--- Exercise prompt ---
With the pictures left out, write out exactly the lines of the listing below that run from the line with "It’s inspiring enough" through the line with "Com o código".

--- Data extract ---
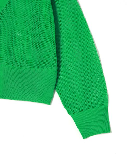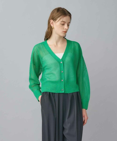 【デザイン】 クロップド丈でコンパクトに仕上げた、メッシュ編みのニットカーディガン。 程よい透け感が抜け感とセンシュアルな雰囲気を演出し、羽織るだけで旬なバランスに仕上がります。 フロントのボタンを留めてプルオーバー風にも着用できる2WAY仕様で、コーディネートの幅も広がります。清涼感のあるルックスはシーズン長く活躍します。
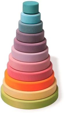 Mit dem großen Scheibenturm können Farben und Größen sortiert, kann gestapelt und gebaut werden. Schult die motorischen Fähigkeiten der Kleinen.
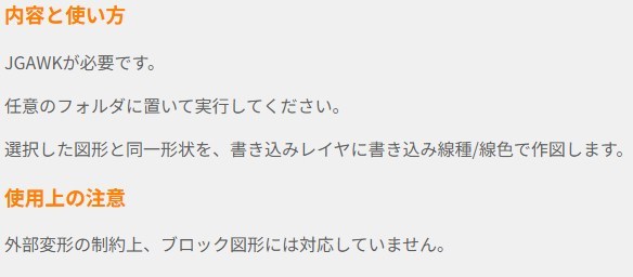 幅0で複線 2026.01.20 概要 Unosuke Online Unosuke Online 選択した図形と同一形状を、書き込みレイヤに書き込み線種/線色で作図します。 詳細内容を見る この外部変形を利用するには、「JGAWK」が必要です。
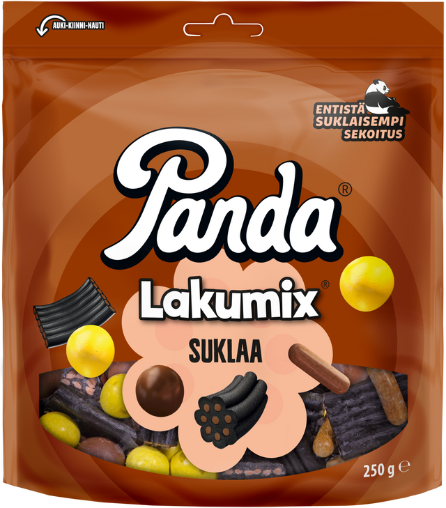Panda Lakumix Choklad är en superläcker blandning av fem olika sötsaker som kombinerar Pandas ikoniska lakrits med läcker choklad. Fängslande mjuk chokladfylld lakrits, skönt knastrande dragéer och mjölkchoklad som smälter i munnen kröner njutningen. Smaka ny mix som innehåller även mer choklad!
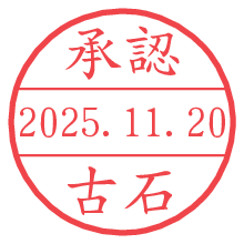 オプションの「電子透かし」をチェックし[生成]すると、見た目には分からないように、UNIXタイムスタンプを識別情報としてPNG形式の日付印に埋め込みます。 日付スタンプメーカーの使い方「部署」「名前」は最大8文字まで入力が可能です。「スタンプの色」を選択し、[生成]ボタン押下で印影画像が更新され、背景を透明に設定したPNG形式とPDF形式の印影画像がリンクからダウンロードできます。 オプションの「電子透かし」は、その性格上日付印ととても相性の良い付加サービスです。 別ページの「タイムスタンプと電子透かし」でも詳しく解説しますが、このオプションを追加することで、日付印が生成された日時に確かにその印が存在していることが証明されます。 ![]() 古石さんの電子印鑑が作れます。社内でのデータ書類閲覧確認用など、認印的な使い方のできる電子印鑑が作れます。 ![]() 古代文字で落款印が作れます。「落款スタンプメーカー」で作品を引き立たせる落款印が作れます。
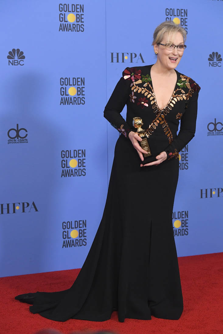 It’s inspiring enough to make you forget about the inexplicable purple font in the celebration of Meryl’s achievements package -- but not so inspiring you forget to notice the dress she was wearing. What exactly would you call that style? How...exactly would you describe it, if you had to?
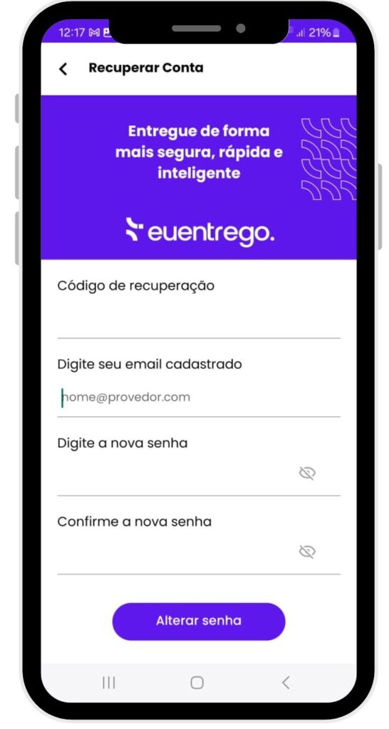 Com o código de verificação em mãos, preencha os campos: “Código de recuperação recebido por e-mail”, “Digite a nova senha” e “Confirme a nova senha”. Para finalizar, basta clicar em “Alterar”.
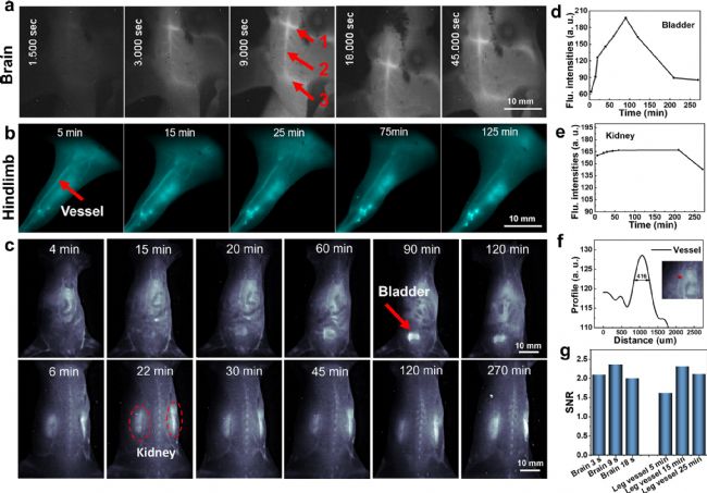 圖6討論了對金納米團(tuán)簇在活體內(nèi)的成像研究。它指出了血管結(jié)構(gòu)和功能異?赡軐(dǎo)致的疾病,并強(qiáng)調(diào)了對血管疾病的準(zhǔn)確診斷和實(shí)時監(jiān)測的重要性。通過使用NIR-II成像技術(shù),可以提供高分辨率、深層組織穿透的病理信息,對于疾病的診斷和監(jiān)測具有潛在價(jià)值。研究發(fā)現(xiàn),特定類型的金納米團(tuán)簇在腦血管和四肢血管成像方面表現(xiàn)出色,同時在全身血管成像方面也有優(yōu)異表現(xiàn)。這些結(jié)果展示了該納米團(tuán)簇在NIR-II成像領(lǐng)域的潛在應(yīng)用前景。
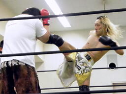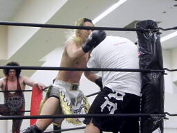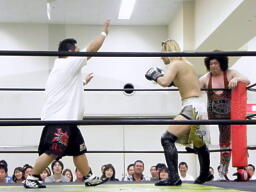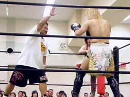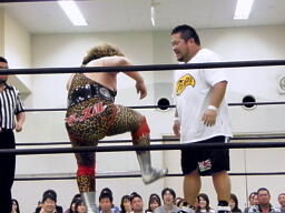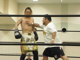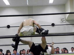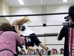 高森もローキックで返す(右写真)。鳥羽は場外エスケープ。
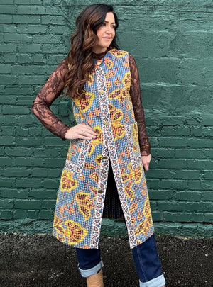 Designed with vibrant, hand inspired prints and rich autumn tones, this sleeveless layer brings effortless personality to any outfit. The textured quilting adds structure and warmth, while the contrasting trim and decorative buttons give it that artisan, one-of-a-kind feel.
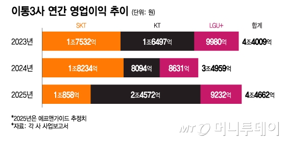 Áö³ÇØ ÀÕ´Ü ÇØÅ· »çÅ¿¡µµ À̵¿Åë½Å 3»ç ÇÕ»ê ¿µ¾÷ÀÌÀÍÀÌ 4Á¶¿øÀ» ³Ñ¾î¼³ Àü¸ÁÀÌ´Ù. SKÅÚ·¹ÄÞ ¿µ¾÷ÀÌÀÍÀÌ Å©°Ô ÁÙ¾îµç °¡¿îµ¥ KT¿Í LGÀ¯Ç÷¯½º°¡ °ßÁ¶ÇÑ ½ÇÀûÀ» ±â·ÏÇÑ ¿µÇâÀÌ´Ù.
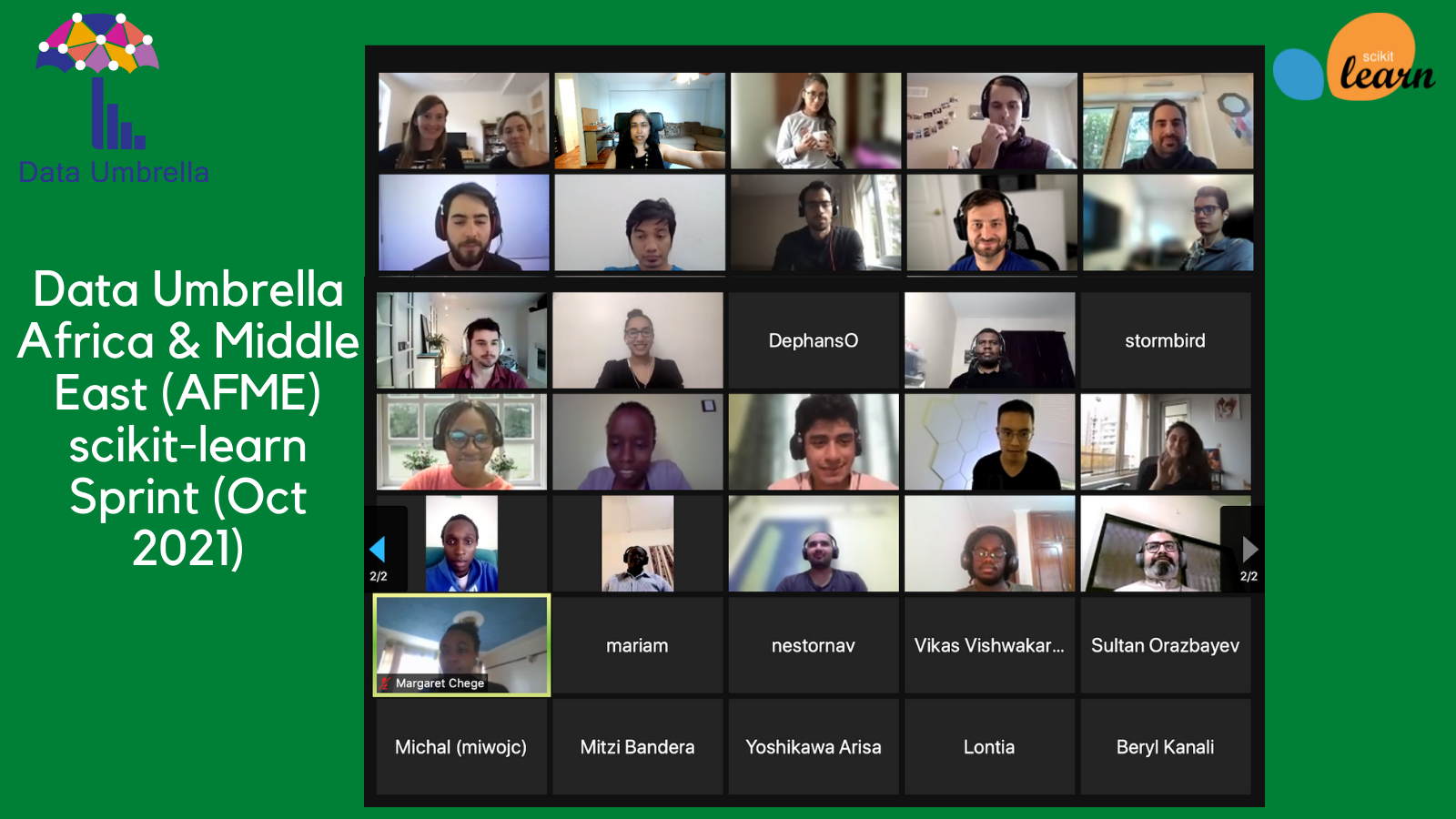 The Data Umbrella Africa & Middle East (AFME2) scikit-learn online sprint was held on October 23, 2021, and the event report is now available. 40 participants joined from 17 countries, and 57% were returning contributors.

--- Reply to the task ---
 It’s inspiring enough to make you forget about the inexplicable purple font in the celebration of Meryl’s achievements package -- but not so inspiring you forget to notice the dress she was wearing. What exactly would you call that style? How...exactly would you describe it, if you had to?
 Com o código de verificação em mãos, preencha os campos: “Código de recuperação recebido por e-mail”, “Digite a nova senha” e “Confirme a nova senha”. Para finalizar, basta clicar em “Alterar”.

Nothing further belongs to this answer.